Morton Grove is a village in Cook County, Illinois, United States. Per the 2020 census, the population was 25,297. It is part of the Chicago metropolitan area.

The village is named after former United States Vice President Levi Parsons Morton, who helped finance the Chicago, Milwaukee and St. Paul Railroad (later the Milwaukee Road), which roughly tracked the North Branch of the Chicago River in the area and established a stop at the old Miller's Mill. Miller's Mill Road, now Lincoln Avenue, connected the former riverside sawmill to the township's central settlement (Niles Center, now Skokie). The railroad stop facilitated trade and development; the upstart neighborhood grew enough to incorporate in December 1895.

==History==
A handful of farmers from England settled in 1830–1832, despite there being no roads from Chicago, only Native American trails, as the defeat of the Black Hawk War and the 1833 Treaty of Chicago led Native Americans to leave the areas. Farmers from Germany and Luxembourg started arriving by the end of the decade, clearing the land by cutting the walnut, oak, hickory, elm and maple trees. Logs were initially hauled to a sawmill at Dutchman's Point (later Niles, Illinois) at the corner of what became Milwaukee, Waukegan and Touhy Avenues, and stumps burned for charcoal that could then be hauled to heat homes in expanding Chicago. Immigrant John Miller erected a water-powered sawmill near where the Chicago River met the future Dempster Street shortly after 1841. This simplified homebuilding in the area, as well as facilitated further lumber sales. A road (first known as Miller's Mill Road and after 1915 as Lincoln Avenue) allowed wood from the sawmill (and produce from nearby farms) to be hauled to the largest settlement in the surrounding Niles Township (initially known as Niles Center and now Skokie) or even further, into Chicago. Around 1850, the "Northwestern" road to/from Chicago (now known as Milwaukee Avenue) was improved (partly using lumber from Miller's sawmill) to become a single lane plank (toll) road. That reduced a four-day journey into Chicago to about a half day, and also helped sales of produce and farm products from the rich bottomland. Lumber was also hauled to Jefferson Park to fuel locomotives after the first railroads were built in the area. In 1858, Henry Harms built a toll road from the intersection of Ashland and Lincoln Avenues in Chicago to Skokie, where it met Miller's Mill Road. Harms' Road was later extended through Glenview.
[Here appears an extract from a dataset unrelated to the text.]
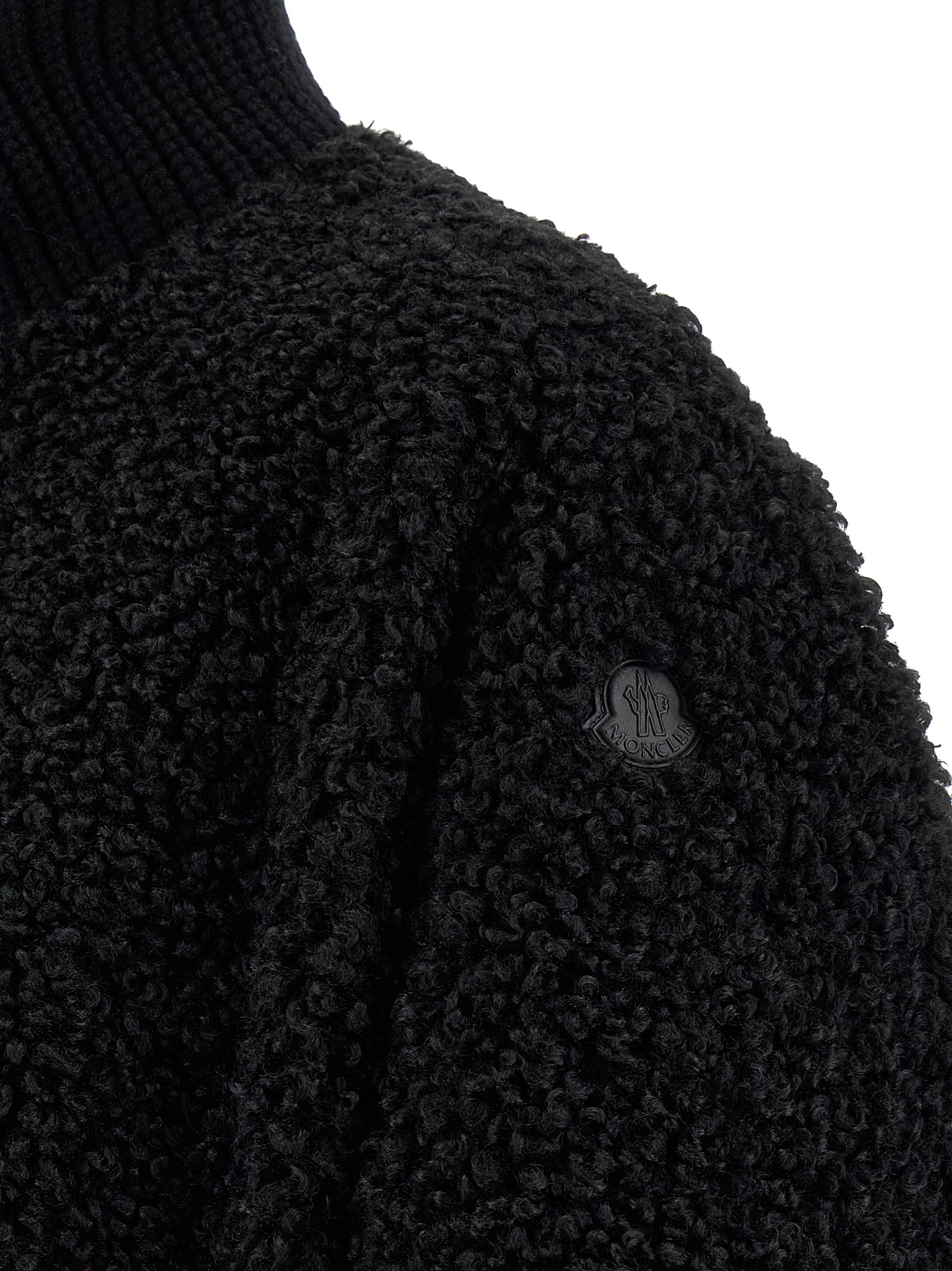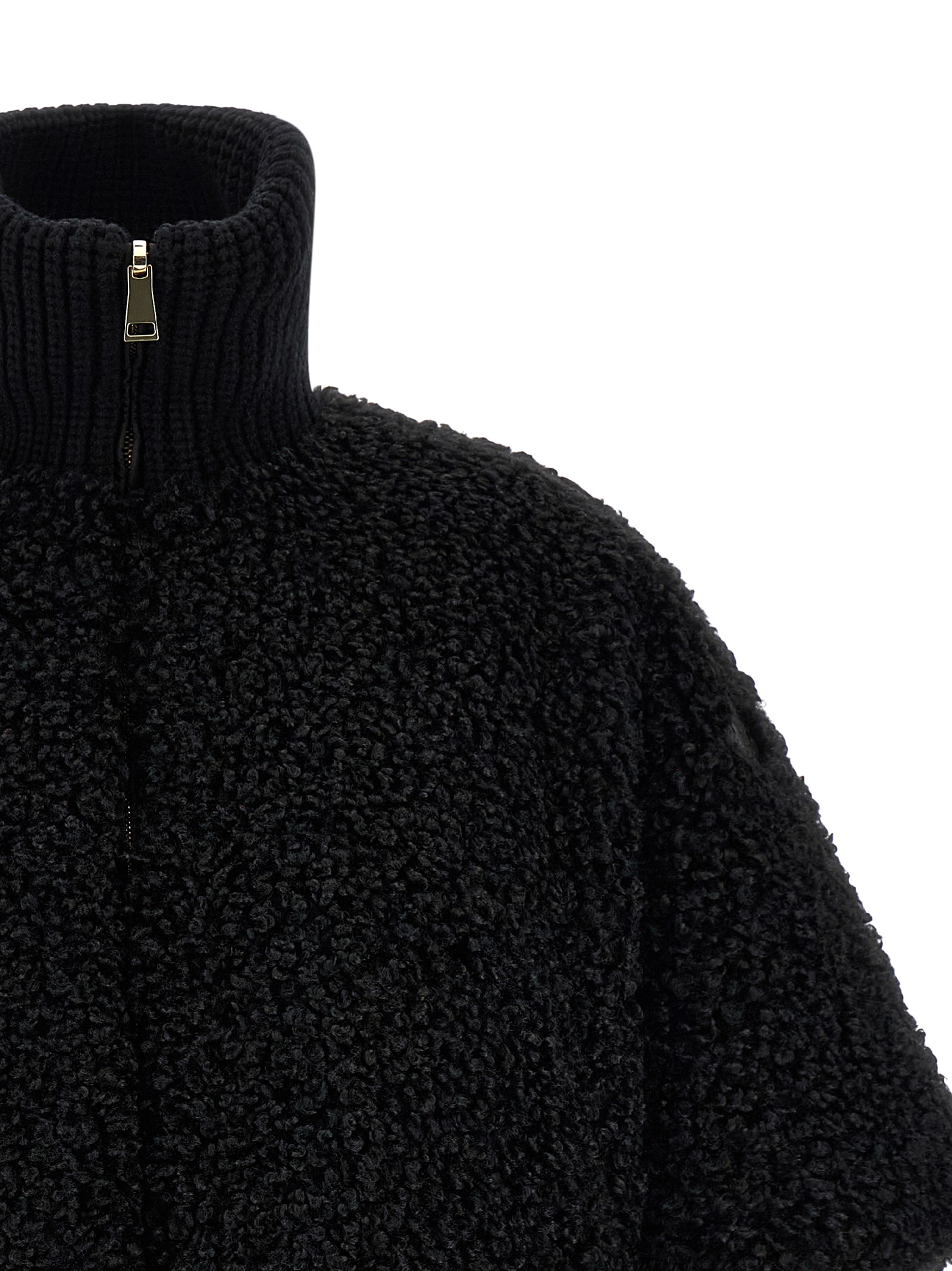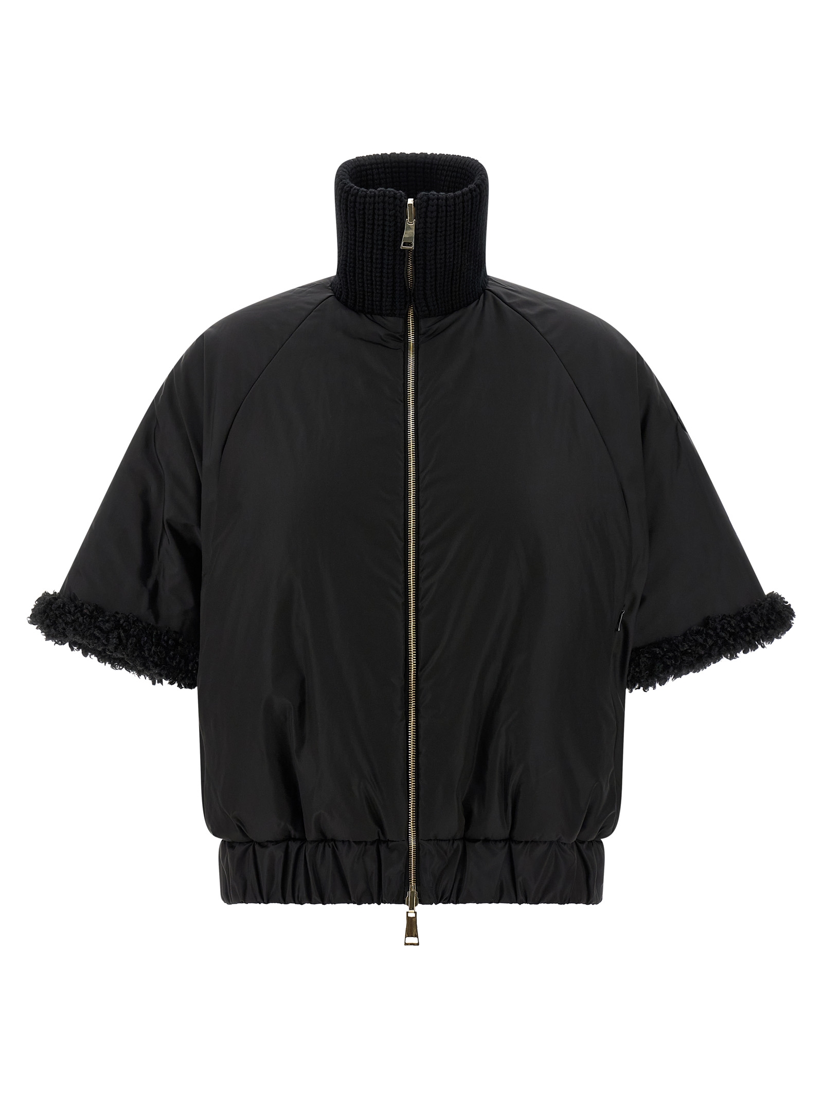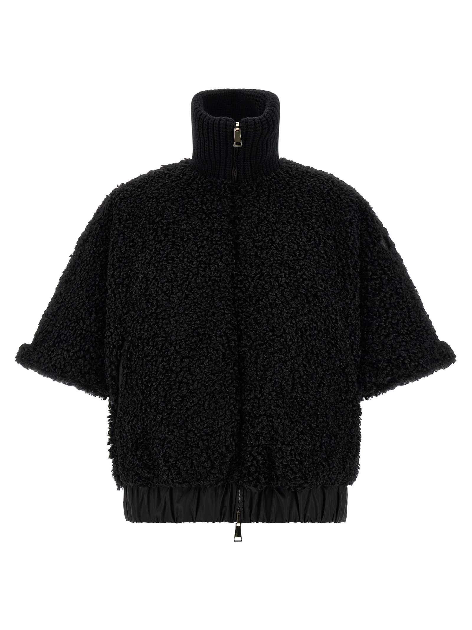 Reversible nylon cape padded with goose down and teddy-effect fleece, ribbed wool knit high neck, front zip closure, short sleeves with tone-on-tone logo patch appliqué, side snap buttons, elastic band on the hem.

In 1872, the Chicago, Milwaukee and St. Paul Railroad bought Miller's Mill and laid track (which became two lines in 1892). They also dug gravel for railroad and road use nearby, creating a quarry at what later became Austin Park. The stop (later station) at what had been Miller's Mill was named Morton Grove to honor one of the railroad's New York financiers, Levi Parsons Morton. The Morton Grove settlement began growing from about 100 persons, and by 1874 had grown enough to have its first postmaster, Civil War veteran Medard Lochner. Rural mail service started 21 years later, although a blacksmith shop was opened at the settlement by 1884, and a trading post and saloon had operated since 1847. The first subdivision (177 lots) was platted by real estate developers George Fernald and Fred Bingham in 1891, and a convalescent home for German-American aged was built in 1894. The village formally incorporated on December 24, 1895, just eight days before Morton became the Governor of New York. Morton Grove's first mayor, George Harrer, was of German descent (and became the namesake of the village's largest park), and his brother became Skokie's mayor.

===20th century growth===
The first greenhouses were built in Morton Grove in 1885 (the railroad transported 135,000 tons of coal annually to heat them in cold weather), and the Poehlman Brothers' floral business grew into one of the world's largest floral firms, receiving international recognition when one of its roses won first place at the 1904 St. Louis World's Fair. The orchid department alone included eight greenhouses, and the nearby railroad station received flowers from the Philippines and South America to service customers with more exotic tastes. By 1915 the Poehlman Brothers' payroll included 400 to 500 people. However, the business went bankrupt in the Great Depression. Baxter Laboratories bought much of the former Poehlman land, and became a major employer in the following decades. The 20 acre of land surrounding Greenhouse C was purchased by the Morton Grove Days Committee and ultimately became Harrer Park. Lochner's and the wholesale firm Platz Flowers (retail business name "Jamaican Gardens") continue to operate in the village. August Poehlman long served as one of Morton Grove's six trustees (and as its second mayor), and his brother Adolph was the village attorney.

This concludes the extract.